Interview: Rebecca McVittie of Fidelity Emerging Markets

What is the Fidelity Emerging Markets Fund?

The fund invests in liquid [easy to invest and withdraw] equities [company shares] in medium to larger companies in around 25 countries.

Emerging markets vary significantly; you have quite large, more developed economies, such as South Korea and Poland, down to countries such as India and Nigeria. 

 

Who are the team behind the fund?

Nick Price (pictured above) has managed the fund since its launch in 2010. He also runs Fidelity’s Emerging Europe Middle East and Africa fund. He joined Fidelity in 1998 as a research analyst. Nick  has worked for a variety of investment banks. 

Rebecca McVittie (pictured above) rejoined Fidelity in September 2013 from Newedge UK Financial Ltd. Prior to this, Rebecca was a member of Fidelity’s Emerging Europe Middle East and Africa Fund Institutional group from 2003 to 2007. Rebecca has also held roles at ISIS Asset Management and Henderson Global Investors.

What do you look for when buying stocks for the fund?

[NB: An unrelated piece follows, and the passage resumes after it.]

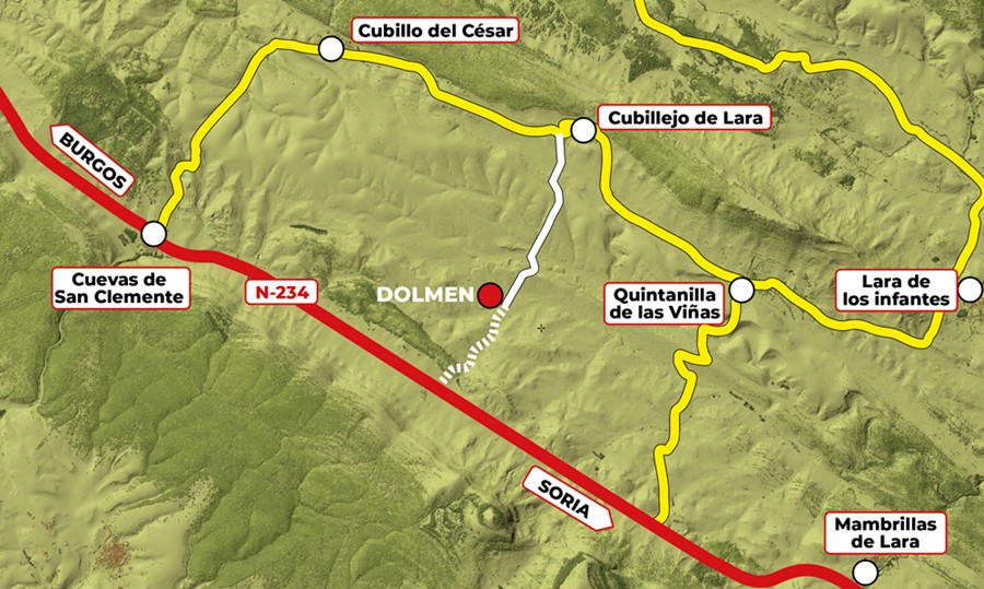 Una vez en la carretera de Soria, N-234, hay que proseguir hasta la localidad de Cuevas de San Clemente. Desde allí es necesario desviarse con dirección a Cubillo del César y Cubillejo de Lara. Poco antes de llegar a este último pueblo se descubre la señalizada pista de tierra que, por la derecha y tras dos kilómetros y medio, alcanza el sepulcro megalítico. Para contemplar el fenómeno hay que estar en el dolmen de Cubillejo/Mazariegos a la 8:30 h. El sentido común nos dice que tendremos que llevar una buena ropa de abrigo y elegir un amanecer despejado.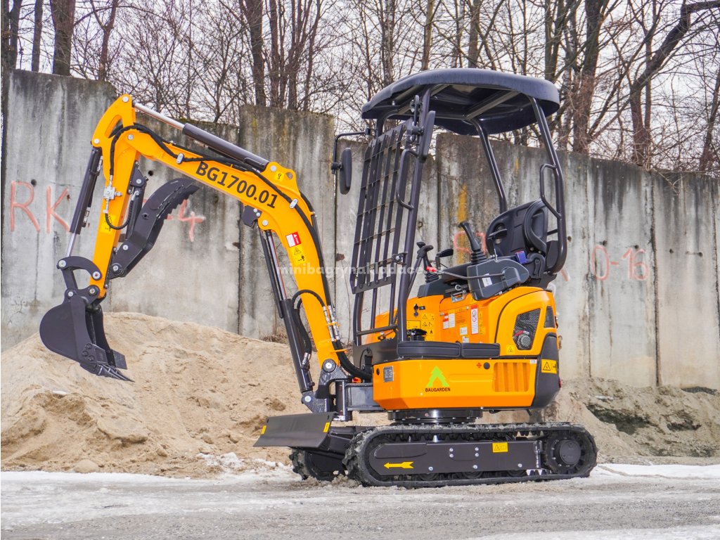 Minibagr BAUGARDEN BG1700.01 je konstruován a vyráběn s cílem garantovat jeho spolehlivost a dlouhou životnost. Je vybaven špičkovým, vodou chlazeným, 3válcovým japonským motorem KUBOTA D902 o výkonu 11,8kW/2400ot/min splňujícími nejpřísnější emisní limity normy Euro 5, hlavním čerpadlem s průtočností 22l/min s chladičem hydraulického oleje a 2 rychlostními motory pro pojez. Čepy i oka pístnic jsou uloženy v pouzdrech a mazací body jsou snadno přístupné.

We want businesses with good balance sheets that are generating free cash flow – and to avoid companies with lots of debt. If a company has a dominant market position or a unique product, year on year it’s likely to grow.

We want to find those businesses that are difficult to displace, so we look for a strong brand or very low-cost production. For example, China’s equivalent to WhatsApp [a messaging app] is WeChat. This kind of business has a very strong network effect – it’s passed on to friends and family.

What companies have you recently bought?

We’ve increased our holding in mining stocks over the past six months, as we’ve seen a more supportive backdrop for commodity prices – these bottomed in 2016 but have started to rise again in areas such as steel. The Chinese were flooding the market with too much steel, which depressed prices but now they’re making reforms.

We don’t own any Chinese steel as it’s too pricey, but we have added to our holding of Russian steel via a firm called NLMK. Russia is the lowest-cost producer of steel in the world, and NLMK was one of the best performing stocks in the fund last year.

We’ve also bought a copper miner called Grupo Mexico. We got it cheap as share prices were depressed due to weak sentiment. 

What companies have you recently sold?

We have cut exposure to consumer staples. We’ve reduced our holding in a Mexican firm called FEMSA, which operates a convenience store chain similar to 7-Eleven.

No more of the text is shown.